Chinese nationals attempted to gain access to U.S. military bases in Alaska, posing as tourists to carry out suspected spying operations, USA Today reported, citing officials and servicemembers.
In some cases, visitors from China seem to have mistakenly entered some of the numerous U.S. military installations in the northernmost state, officials told USA Today. However, other attempts by Chinese citizens to enter military bases appear to be targeted operations intended to collect sensitive information on American military capabilities, soldiers familiar with the events told the outlet on condition of anonymity, as they were not authorized to speak publicly on the matter.
Most details regarding the incidents, which have taken place over the span of years, remain classified, according to USA Today.
In one instance, a vehicle carrying Chinese citizens bypassed a checkpoint at Fort Wainwright, an Army installation near Fairbanks, Alaska, USA Today reported, citing the soldiers. When authorities stopped and searched the vehicle, they discovered a drone.
The occupants claimed they were tourists who had gotten lost, the soldier told USA Today.
Another Army officer told the outlet that some Chinese citizens who appear on the surface as tourists are actually spies, tasked with gathering intelligence on the US military.
Deputy Secretary of Defense Kathleen Hicks did not directly address reports of attempts to breach U.S. military facilities by Chinese nationals posing as tourists, according to USA Today. The military is taking steps to ensure bases in Alaska, which house some of the most high-end defense capabilities and complex war games, are secure.
Wray called China’s government and the Chinese Communist Party the foremost threats to U.S. national security, in terms of counterintelligence. Their thirst for “our innovation, our trade secrets, [and] our intellectual property” knows no bounds, he noted. https://t.co/79GfIBNi3R pic.twitter.com/78T5GKGOhf
— FBI (@FBI) April 25, 2022
Spies could be collecting imagery on the bases, Retired Gen. David Deptula, the Air Force’s former senior intelligence officer, told USA Today. But they could also leave behind sensors to pick up and transmit signals to Chinese intelligence services.

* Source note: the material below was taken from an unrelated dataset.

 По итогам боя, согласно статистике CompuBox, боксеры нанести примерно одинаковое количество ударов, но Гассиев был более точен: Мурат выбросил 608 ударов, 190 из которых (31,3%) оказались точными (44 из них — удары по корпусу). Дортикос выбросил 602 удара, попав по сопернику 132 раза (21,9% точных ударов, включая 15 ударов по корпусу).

It was not immediately clear how many incidents occurred, or which installations were targeted. Alaska hosts three major military bases — Joint Base Elmendorf-Richardson in Anchorage, and Fort Wainwright and Eielson Air Force Base near Fairbanks — as well as smaller installations operating a constellation of advanced capabilities, including the Air Force’s F-35 jets and the Army’s sophisticated missiles and radars.
As competition in the Arctic heats up, Alaska is increasingly viewed as the front line of defense against threats from China, Russia and North Korea.

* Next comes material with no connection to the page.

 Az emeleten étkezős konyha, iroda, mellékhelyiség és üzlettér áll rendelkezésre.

China has ramped up increasingly open surveillance and espionage attempts on the U.S. military. Earlier this week, defense officials revealed the U.S. intelligence community opened an investigation into a large-scale Chinese hacking campaign in 2022 targeting multiple government agencies, including the U.S. Navy, according to CNN and Task & Purpose.
The Pentagon, Army and Air Force did not immediately respond to the Daily Caller News Foundation’s request for comment.